Stored data:
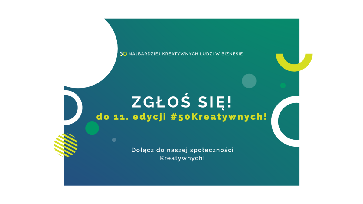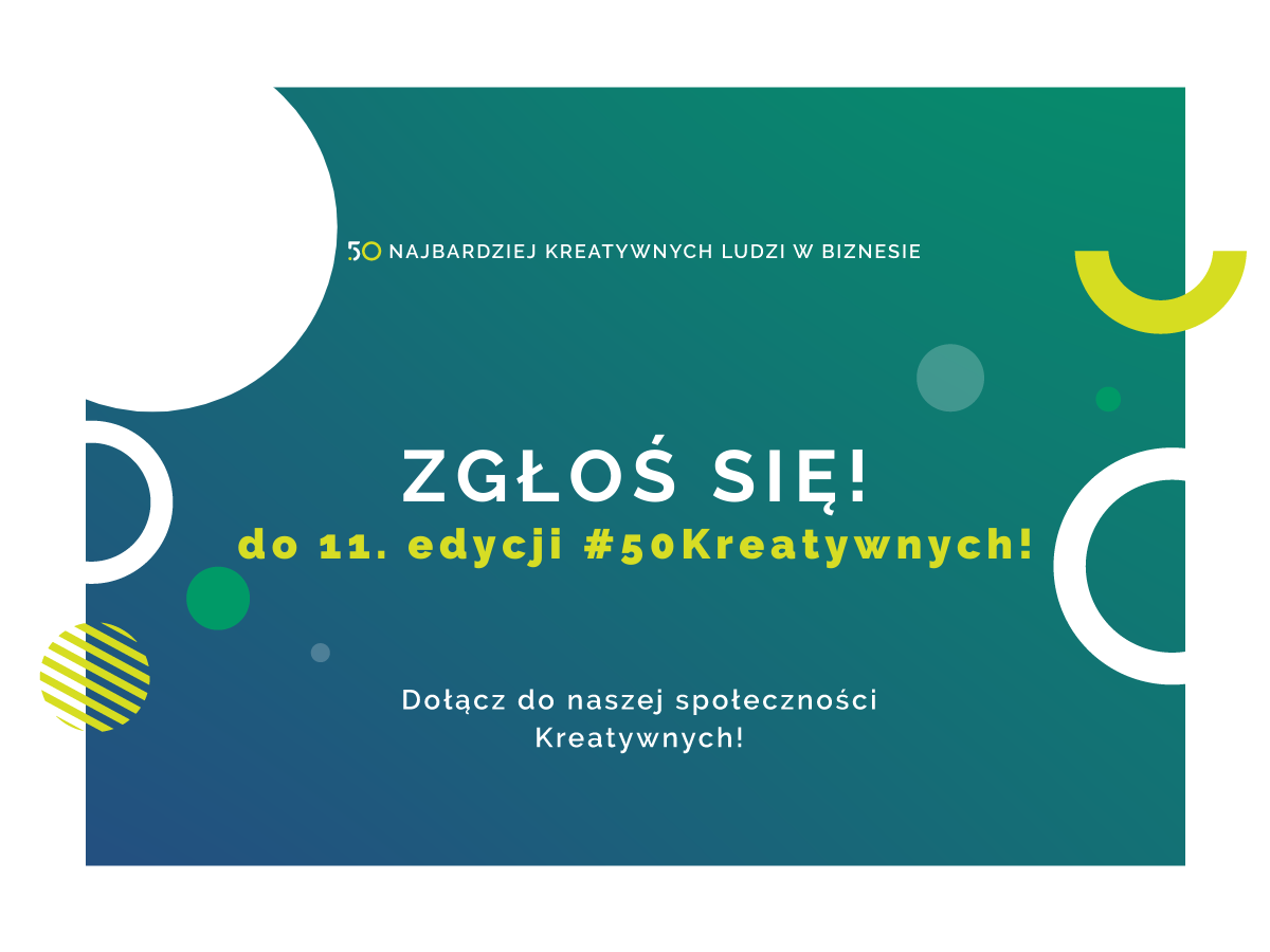 TO OSTATNI MOMENT ! Zgłoś się do 11. edycja rankingu 50 Najbardziej Kreatywnych Ludzi w Biznesie
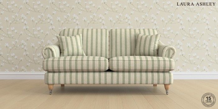 7.0.3 Buy Ambersham by Laura Ashley 3 Seater Small Sofa Kinsham Stripe Hedgerow Green Low Chrome Castor - Light Oak from the Next UK online shop Click here to use our accessible website
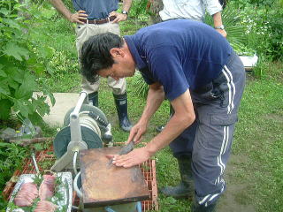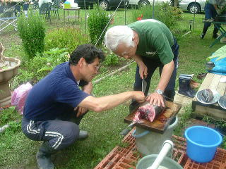 一連の作業が終わった段階で、次のイベントである懇親会に移りました。 懇親会の最初の段階で、メジ(本マグロの子)のおろしに河本君が挑戦。 農園主の指導の元、悪戦苦闘しつつ無事調理を完了しました。 新鮮で美味しかったです。
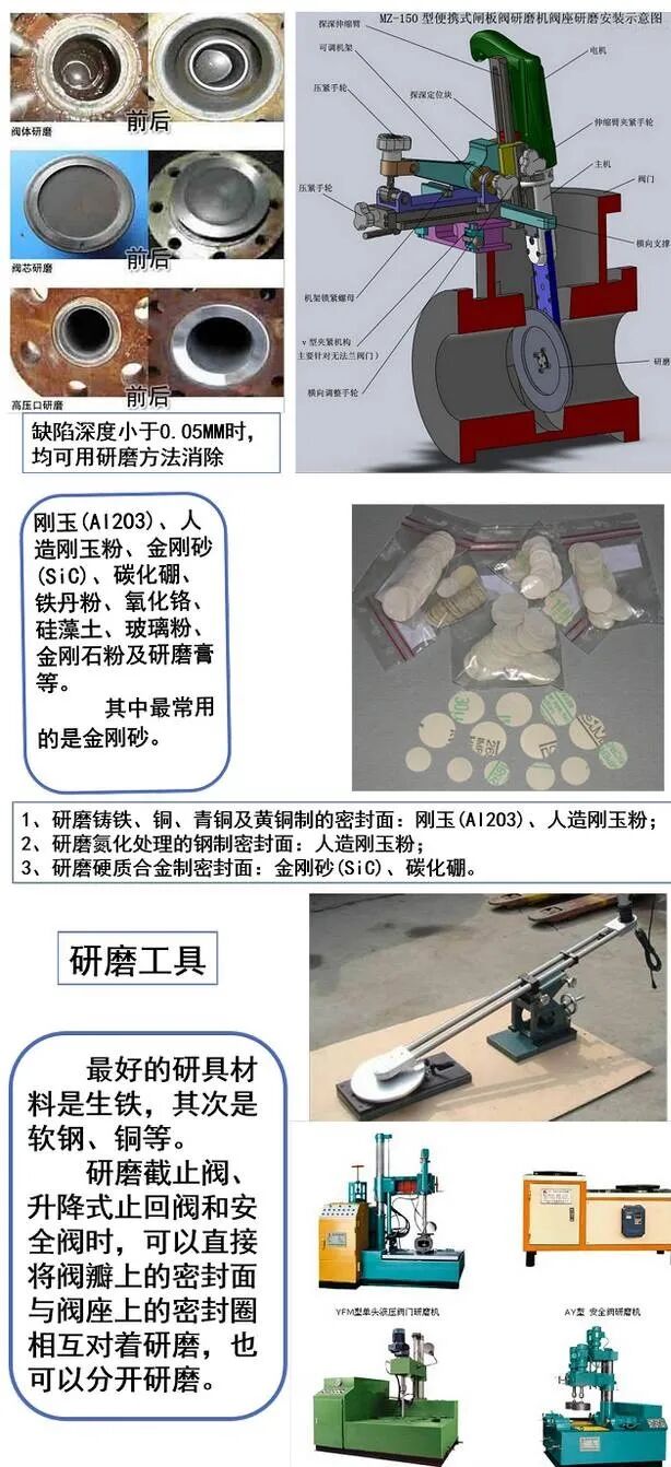 閥門在安裝和使用過(guò)程中,由于制造質(zhì)量和磨損等原因,使閥門容易產(chǎn)生泄漏和關(guān)閉不嚴(yán)等現(xiàn)象。3.關(guān)不住或關(guān)不嚴(yán)(1)關(guān)不嚴(yán):可能是由于閥座與閥芯之間卡有臟物,或是閥座、閥芯有被劃傷之處,致使閥門無(wú)法關(guān)嚴(yán)。(2)關(guān)不?。菏窃陂_啟閥門時(shí),用力過(guò)猛而開過(guò)了頭。潤(rùn)滑劑:對(duì)不同的研磨工具,要求使用不同的潤(rùn)滑劑。1、使用生鐵研磨工具時(shí),用煤油作潤(rùn)滑劑;2、使用軟鋼研磨工具時(shí),用機(jī)油;3、使用銅研磨工具時(shí),用機(jī)油、酒精或堿水堿水(堿水是天然堿,主要的成分是碳酸鈉和碳酸鉀)。
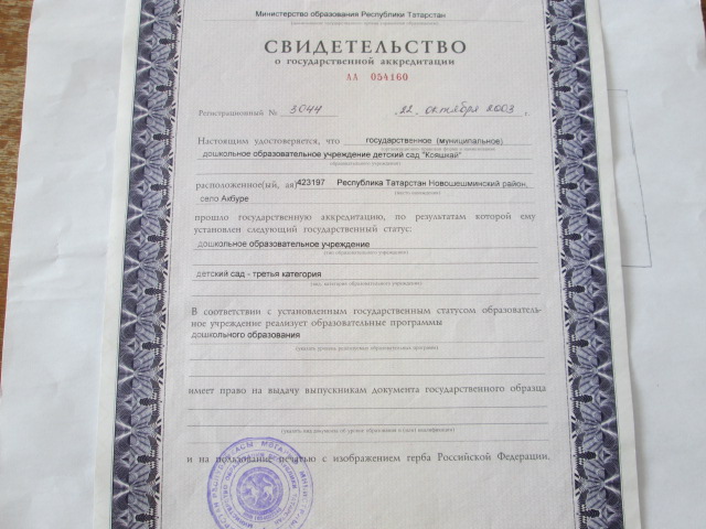 Свидетельство о государственной аккредитации
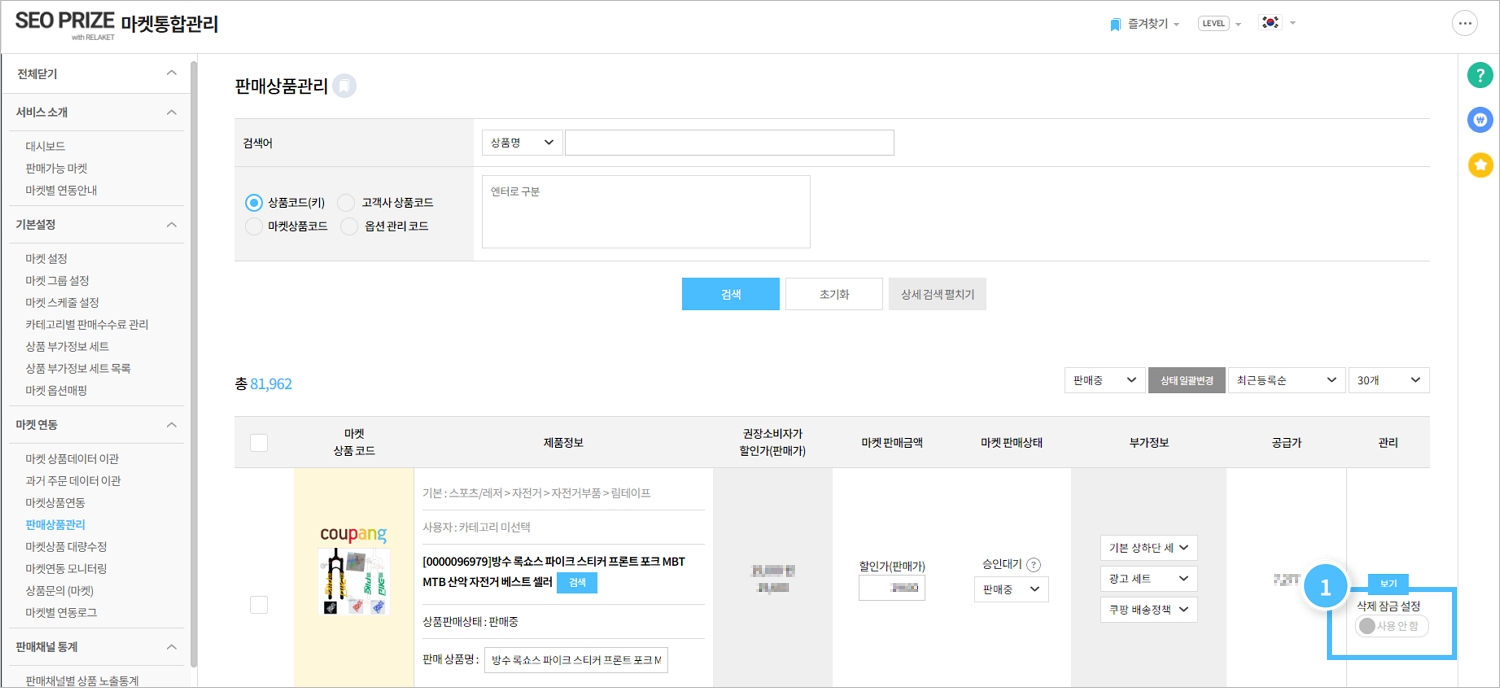 2. [마켓통합관리 > 마켓 연동 > 마켓상품연동] 메뉴에서 확인되는 [상품 삭제잠금]은 상품리스트 삭제 잠금
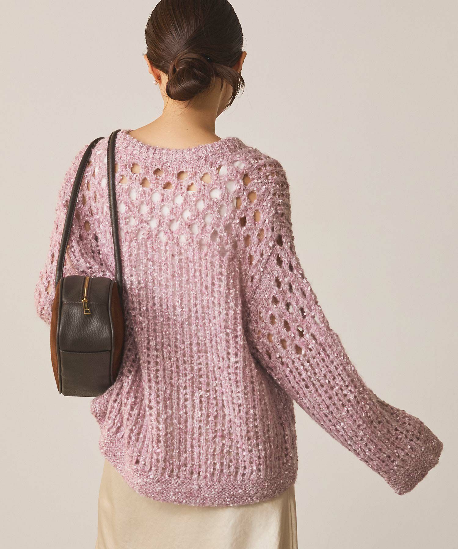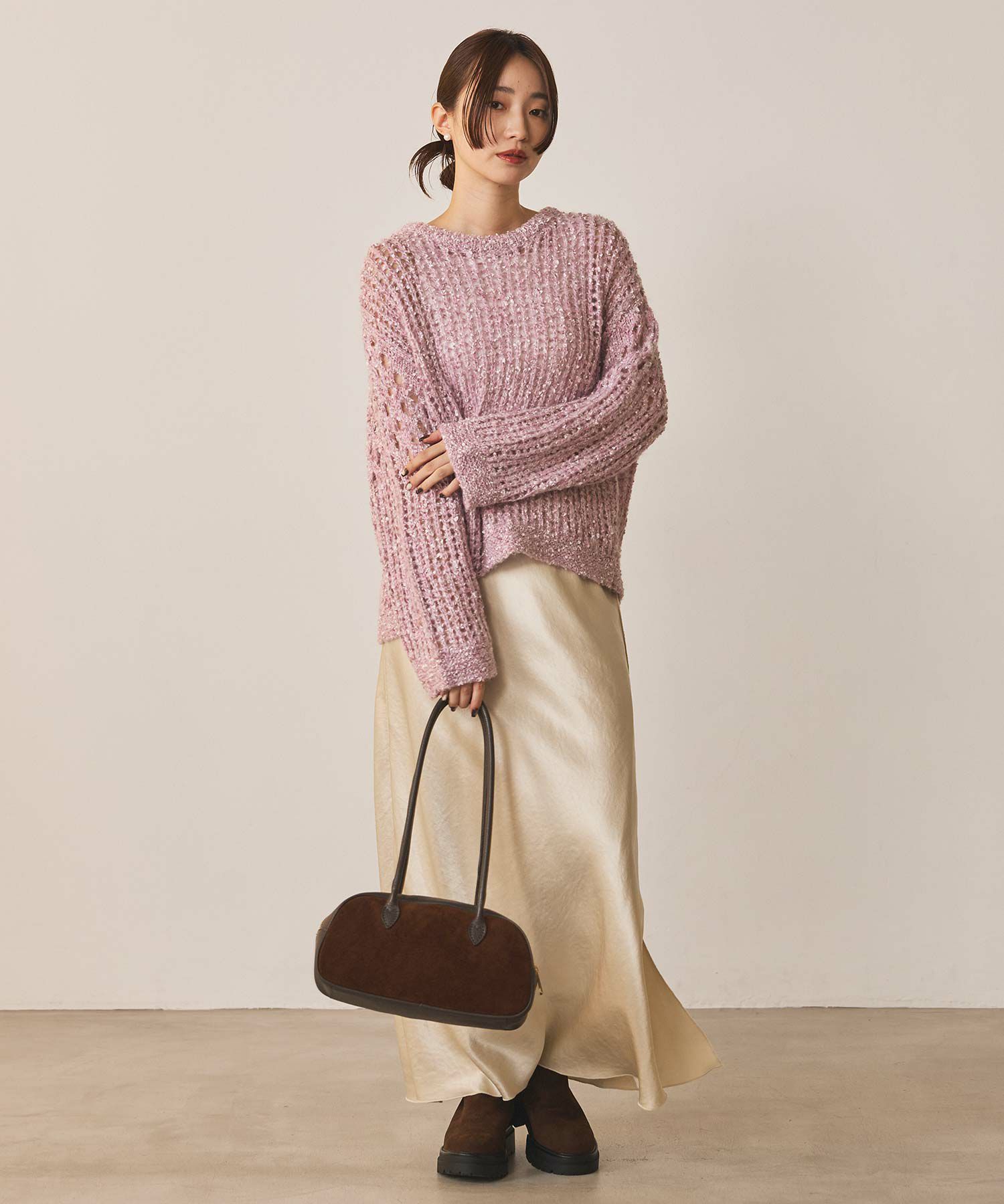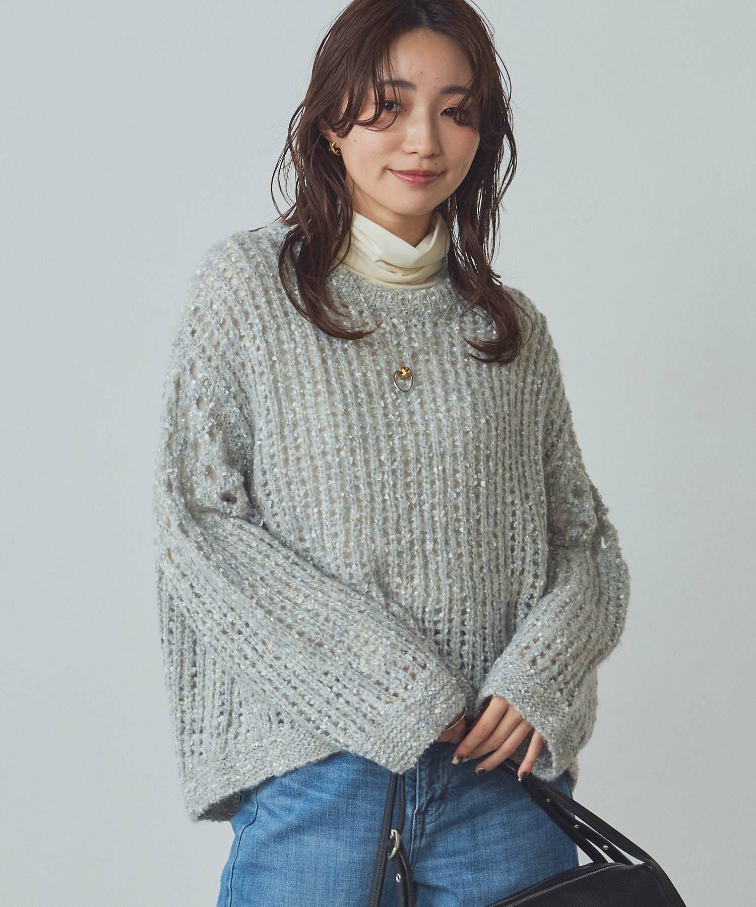 透け感のある編地が重くなりがちな秋冬コーデに抜け感を演出してくれます。
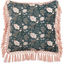 Cojín De Terciopelo Verde Azulado Rosa 45 X 45 Cm Algodón Floral Flecos Parrotia - Azul
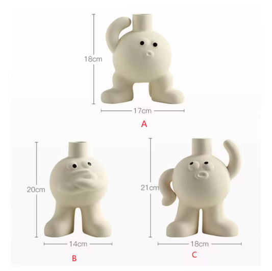 Big feet Flower vase scratching the head
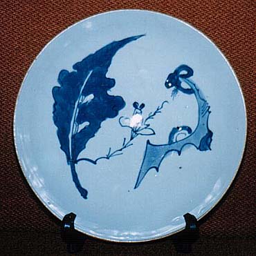 青花秋葉文皿(順治年間、AD1644〜1661)
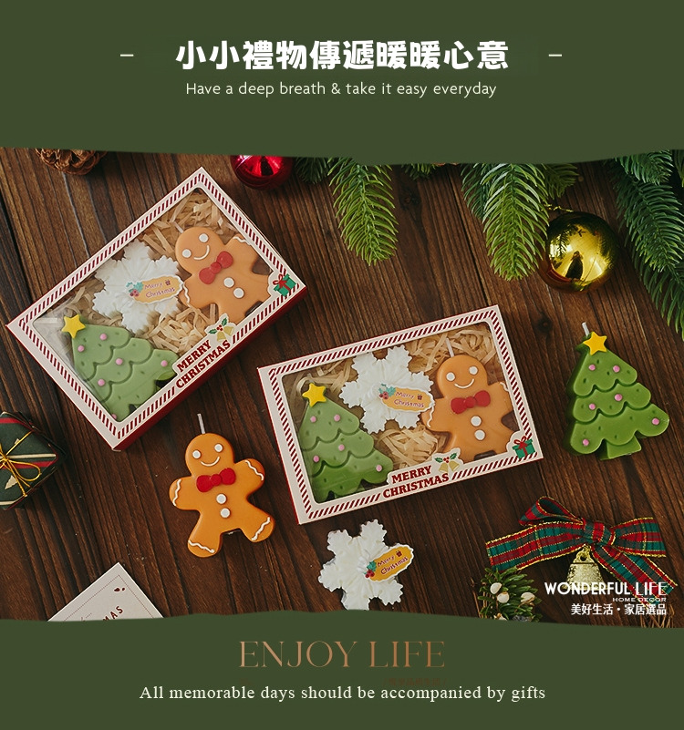 香型:聖誕樹-玫瑰/小雪花-英國梨小蒼蘭/薑餅人-咖啡牛奶

* _ABOUT THIS EXERCISE_:
Copy out exactly the lines that begin at the line with "青花秋葉文皿(順治年間、AD1644〜1661)" and end at the final line of the entries above. Leave out the pictures.

* _TASK RESULT_:
 青花秋葉文皿(順治年間、AD1644〜1661)
 香型:聖誕樹-玫瑰/小雪花-英國梨小蒼蘭/薑餅人-咖啡牛奶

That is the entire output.